# Task instructions
The reply must consist of the complete listing, reproduced exactly, with no images included.

# Recorded data
* * * *

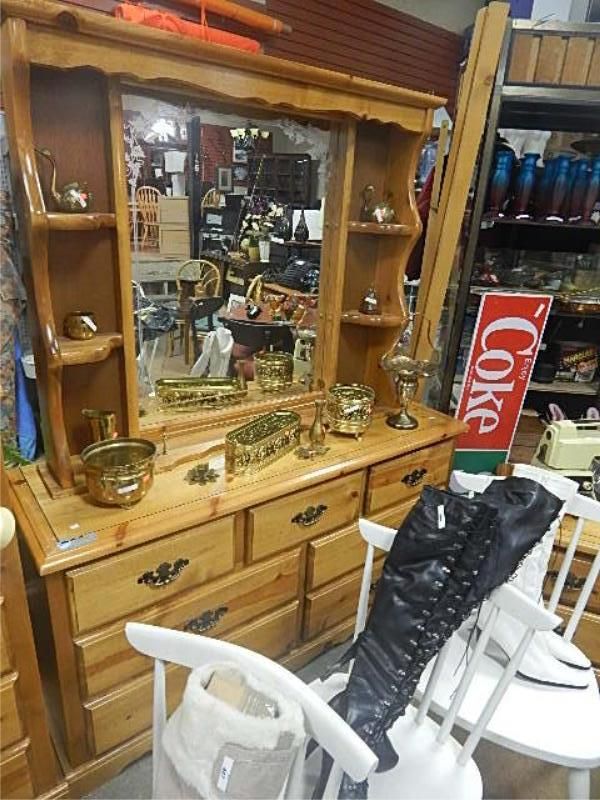 PINE DRESSER WITH MIRROR - 7 DRAWER
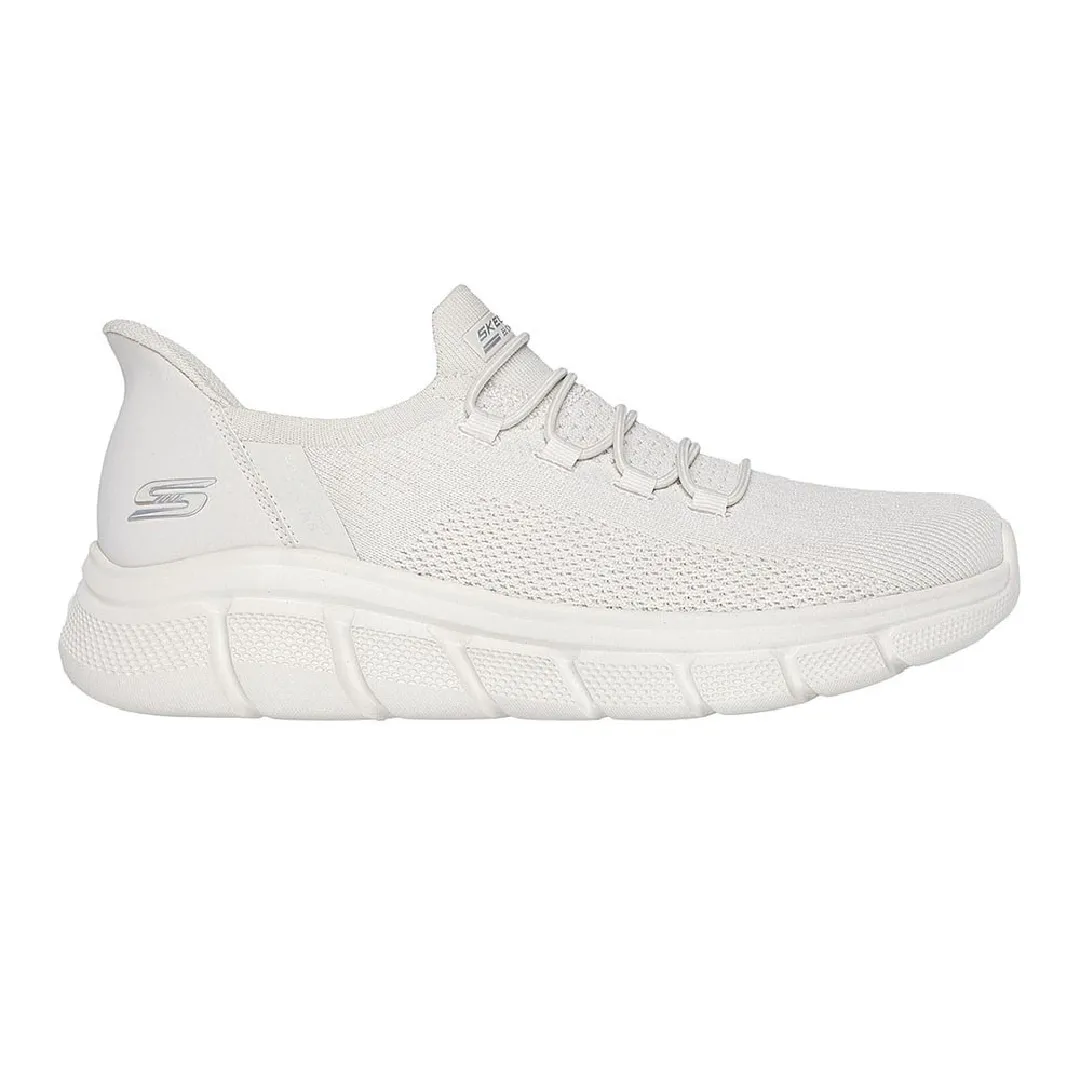 รองเท้าผ้าใบสีขาว Off White สำหรับผู้ชาย รุ่น Rugged Edge จากคอลเลกชัน BOBS B Flex ของแบรนด์ Skechers มีจุดเด่นอยู่ที่การออกแบบมาในทรง Slip-ins พร้อมเชือกผูกแบบตายตัว ใส่ง่าย โดยไม่ต้องก้มหรือใช้มือจับรองเท้า มาพร้อมพื้นรองเท้าหนานุ่ม Skechers Memory Foam™ และ Comfort Pillow™ ช่วยกระจายน้ำหนักและลดแรงกระแทกขณะสวมใส่ ทำให้รู้สึกสบายเท้า ใส่เดินได้นานโดยไม่รู้สึกเมื่อย และไม่ต้องกังวลว่ารองเท้าจะกัดเท้า
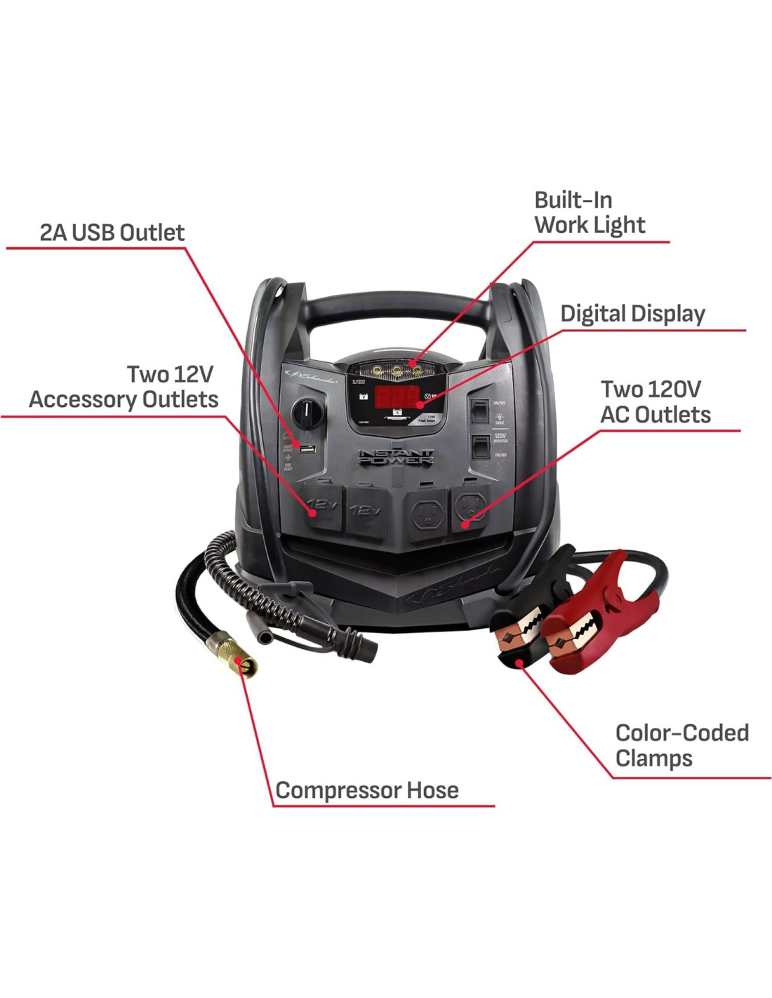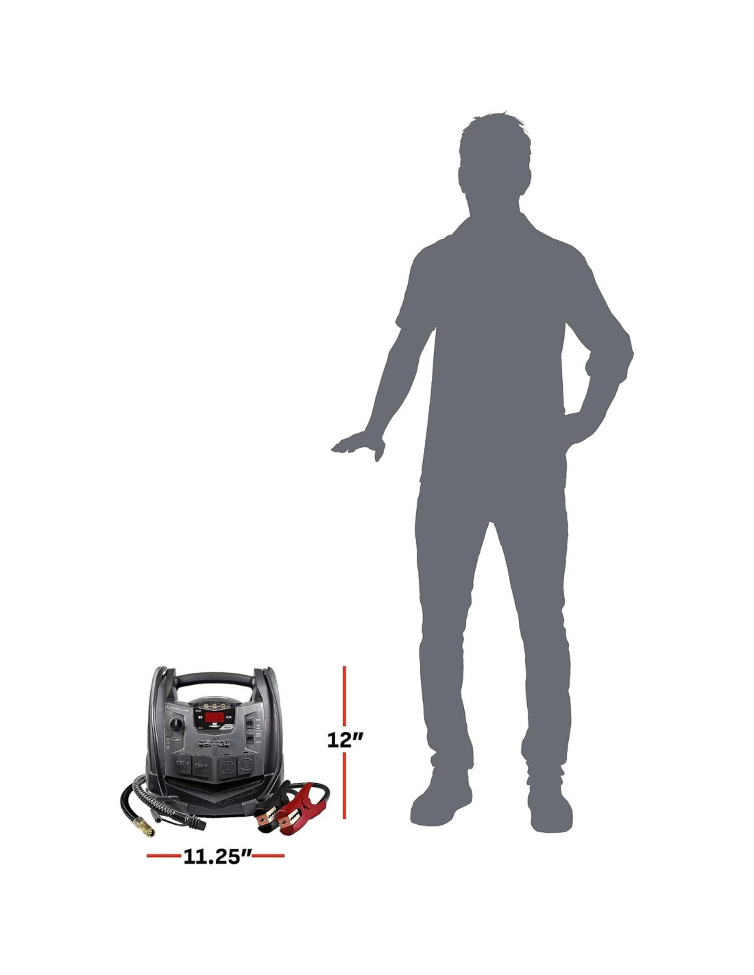 - Preparación para Emergencias: Con el dispositivo 6 en 1 Schumacher SJ1332 puedes superar una variedad de emergencias con las funciones de arrancador de salto, estación de energía portátil, inversor de potencia, compresor de aire, inflador/desinflador y luz de trabajo
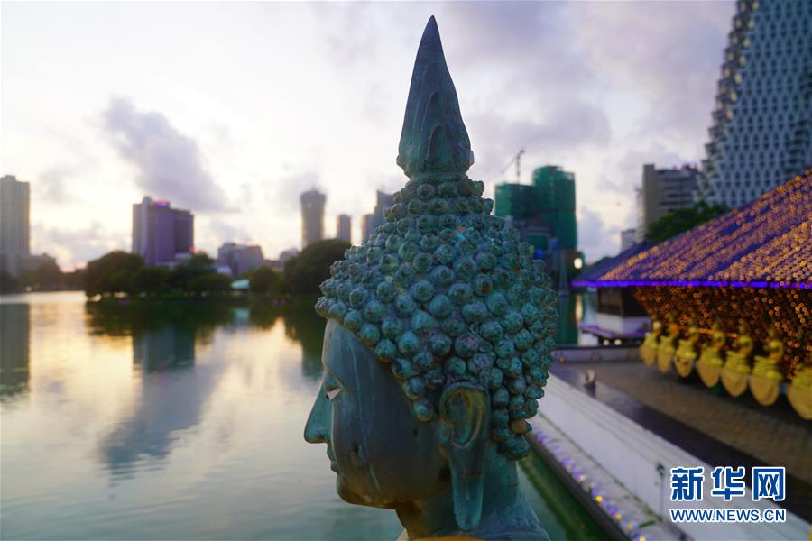 這是夕陽下的斯里蘭卡科倫坡水中廟佛像(5月27日攝)。 在科倫坡貝拉湖上有一座木造樓閣——水中廟。木造建筑上面覆蓋著藍(lán)瓦,外圍環(huán)繞著線條優(yōu)美的佛像。樓閣外高臺上供奉的佛像,與不遠(yuǎn)處的高層建筑相互映照。祥和寧靜的水中廟已成為人們修心、祈福的重要場所。 新華社記者唐璐攝

* * * *

# Output below
 PINE DRESSER WITH MIRROR - 7 DRAWER
 รองเท้าผ้าใบสีขาว Off White สำหรับผู้ชาย รุ่น Rugged Edge จากคอลเลกชัน BOBS B Flex ของแบรนด์ Skechers มีจุดเด่นอยู่ที่การออกแบบมาในทรง Slip-ins พร้อมเชือกผูกแบบตายตัว ใส่ง่าย โดยไม่ต้องก้มหรือใช้มือจับรองเท้า มาพร้อมพื้นรองเท้าหนานุ่ม Skechers Memory Foam™ และ Comfort Pillow™ ช่วยกระจายน้ำหนักและลดแรงกระแทกขณะสวมใส่ ทำให้รู้สึกสบายเท้า ใส่เดินได้นานโดยไม่รู้สึกเมื่อย และไม่ต้องกังวลว่ารองเท้าจะกัดเท้า
 - Preparación para Emergencias: Con el dispositivo 6 en 1 Schumacher SJ1332 puedes superar una variedad de emergencias con las funciones de arrancador de salto, estación de energía portátil, inversor de potencia, compresor de aire, inflador/desinflador y luz de trabajo
 這是夕陽下的斯里蘭卡科倫坡水中廟佛像(5月27日攝)。 在科倫坡貝拉湖上有一座木造樓閣——水中廟。木造建筑上面覆蓋著藍(lán)瓦,外圍環(huán)繞著線條優(yōu)美的佛像。樓閣外高臺上供奉的佛像,與不遠(yuǎn)處的高層建筑相互映照。祥和寧靜的水中廟已成為人們修心、祈福的重要場所。 新華社記者唐璐攝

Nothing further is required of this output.